Один Бог, как справедливо замечает Аббат Дюбуа, ведает будущую судьбу Государств. В самом деле трудно предузнать судьбу Индии. Компания сохраняет еще свои владения, потому [339] что питает еще несколько надежды, преимущественно же из тщеславия. Но наконец она перестанет верить обманчивым надеждам, и отбросит тщеславие, которое стоит ей 96 миллионов в год. Что тогда будет с Индостаном? Войны, как обыкновенно случается, вытеснили из оного промышленость. Индейцы, ведя беззаботную жизнь в работе для Европейцев, отказались от землепашества, которое в сей стране труднее, чем во всех других местах: земля, сама по себе бесплодная и палимая жгучими лучами солнца, не вознаграждает землепашца за труды его. С другой стороны, искуственное благосостояние, доставляемое им Англичанами, непомерно размножило народонаселение. Несчастный народ! последнее и единственное условие твоего существования зависит от того, захотят ли иностранные купцы удержать тебя в своем услужении!

Доселе, может быть слишком долго, мы говорили о вещах, о коих Г. Дюбуа умалчивает: пора заняться теми, о коих он говорит.

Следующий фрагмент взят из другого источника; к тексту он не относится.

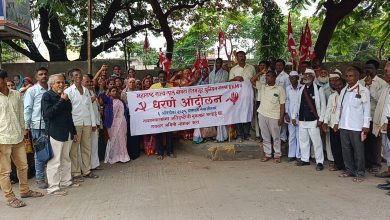 लाल बावटा शेतमजूर युनियनचे धरणे आन्दोलन • गायरान धारकाना अतिवृष्टीग्रस्तांची नुकसान भरपाई दया. • अदानीला लिजवर जमीन.आम्हालाही ५० वर्षाच्या लिजवर…

Новая трагедия Казимира Делавиня: Пария, при появлении своем в Свет, [340] возбудила несколько споров между Учеными. Какова судьба сей многочисленной касты? Зачем презирают Париев и гнушаются ими в Индии? Должно ли искать причины презрения и отвращения, внушаемого ими, в предрассудках вероисповедания сей страны? Все сии вопросы, на которые столь мало обращают внимания в Бенаресе, были предметом важных прений в Париже. Один Ученый, которому знакома вся вселенная, Г. Мальтбрун, напечатал в нашем Журнале весьма любопытное известие о Париях, в котором он, вопреки мнению Гг. Делавиня и Бернардена-де-Сер-Пьера, утверждает, что правила вероисповедания нимало не были причиною обременяющего их отвержения из общества. В сочинении Г. Дюбуа отдают мнению Ученого преимущество пред мнением Поэта; но с другой стороны доказывают, что и Стихотворец, описывая поносное и униженное состояние, в котором несчастный Пария осужден влачить дни свои, не преувеличил предмета, и нимало не отягчил кисти своей слишком яркими красками, как его упрекали.

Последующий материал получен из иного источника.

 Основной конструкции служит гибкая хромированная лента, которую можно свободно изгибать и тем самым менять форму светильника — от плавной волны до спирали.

«Презрение и отвращение», говорит Г. Дюбуа: «которое другие поколения, [341] наипаче же колено Браминов, оказывают сим несчастным, доходят до такой крайности, что во многих местах одно приближение или след ног их почитается уже достаточным для осквернения целой округи. Им запрещено проводить по улице, где живут Брамины. Если они осмеливаются сие сделать, то сии последние в праве, не сами бить их, потому что они не осквернившись не могут коснуться их даже концом длинной палки, но приказать другим, избить их без пощады. Пария, который простер бы дерзость свою до того, что вошел бы в дом Брамина, подвергается опасности быть убитым на месте; примеры сей ужасной несправедливости случались в странах, подвластных природным владетелям, и никто не находил сего достойным порицания». Кажется однако же, что не по всей Индии с таким ожесточением гнушаются Париями. Если верить словам Аббата Дюбуа (и как ему не поверить?), то одни только западные и южные области полуострова сохранили еще жестокие предрассудки в отношении к сим несчастным. На севере Миссури терпимость простирается до того, что [342] им позволено голову и одну только ногу занести через порог жилья господина своего. Философия исходить всегда из севера.

Но какие причины могли так насильственно отторгнуть от общества Индейцев колено, составляющее, по крайней мере, четвертую долю всего народонаселения? Каждый Ученый может сие предложение подвести под особую систему: нет ничего легче и удобнее. Система Г. Дюбуа довольно проста и естественна. Известно, что в Индии все звания, все состояния людей разделены на касты или колена. Несколько лиц, изгнанных из каст своих, соединились: вот первые Парии. Исключенные из общества, не ожидая от него ничего, они ожесточили его противу себя пороками и развратом. С другой стороны, бедность принудила их прибегнуть к гнусным ремеслам, которые заставляют предполагать в человеке, оными занимающемся, презрение к самому себе: причина отвращения Индейцев от Париев.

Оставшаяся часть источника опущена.